I would only really consider a relationship with someone where we dated but didn't live together or live enmeshed lives. 1. Because I don't want to live with someone and have to prioritise an adult's needs and wants alongside my own and my child's. And 2. Because my DS deserves complete stability in his home life. He already has a nightmare of a father to contend with. I shield him from that and ensure their relationship is as positive as one as is possible now. But when DS is older and XH starts trying to guilt and manipulate him, the main way I can protect my adult DS from him is to ensure that he's a strong, confident adult who is less prone to being manipulated by a narcissist. And I do that by ensuring that he always feels safe and secure in his childhood/teens. I won't risk bringing someone heavily into our lives and potentially destabilising the security I provide him with now.

Also, being single for such a long time has actually opened my eyes to the fact that I have some sexual attraction for some women. It's taken me by surprise as I've always identified as 100% straight but I'm coming to realise that since my teens I've deliberately focussed on my attraction to men and used that to ignore any attraction I had to women. I've recently remembered when I was 15, developing feelings for one of my friends and the relief when I decided that the massive crush I had for years on a guy who lived near me meant I couldn't possibly be gay. I clearly had internalised homophobia pushing me to only indulge in my attractions to men and push down any attraction to women. So it's been extremely liberating to have this time to actually get to know myself so much better.

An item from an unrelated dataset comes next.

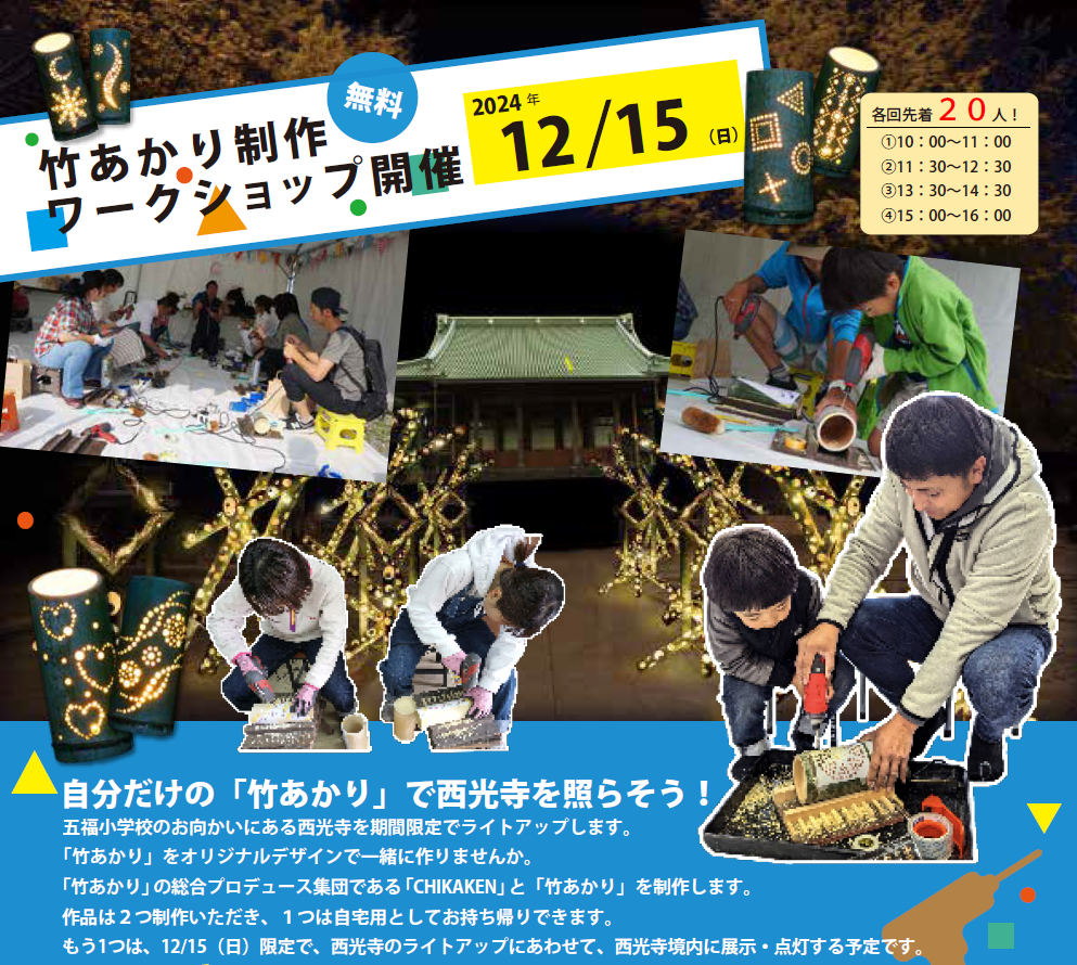 「竹あかり」の総合プロデュース集団「CHIKAKEN」と一緒に、西光寺に設置する竹あかりを制作しませんか??

Poolbridge · 29/06/2021 11:30

I am early 40s, single with 2 DC, and happily single. I wouldn’t change it for the world. I love not having the emotional turmoil of trying to accomodate a manchild, and feel no desire to look for a partner. I don’t miss companionship as I have great relationships with my parents and a number of friends. Like @mrspainful mentioned, I wouldn’t want a partner because of the risks with step-parenting.

After a formerly utterly miserable marriage and relationship with my DC’s father, I am so grateful to be on my own and happy in my own company. I don’t know of any of my friends feeling sorry for me because I am single. But perhaps they have some compassion due to the extra burdens raising children on your own.

NeonK · 29/06/2021 11:43

I'm a single parent of teenagers in my 40s and I love being single. I have amazing friends and family (who I don't think see me as tragic!), and a fulfilling career. My teenagers are pretty good company and still happy to holiday with me (although I'm equally happy to go alone or with friends/family).

I wouldn't rule out a relationship in future but can't ever see myself living with someone again, value my independence and not having to consult with someone. I'm probably a fairly selfish creature.

I do enjoy sex but I don't have a problem with casual sex from time to time, have had the occasional FWB or ONS.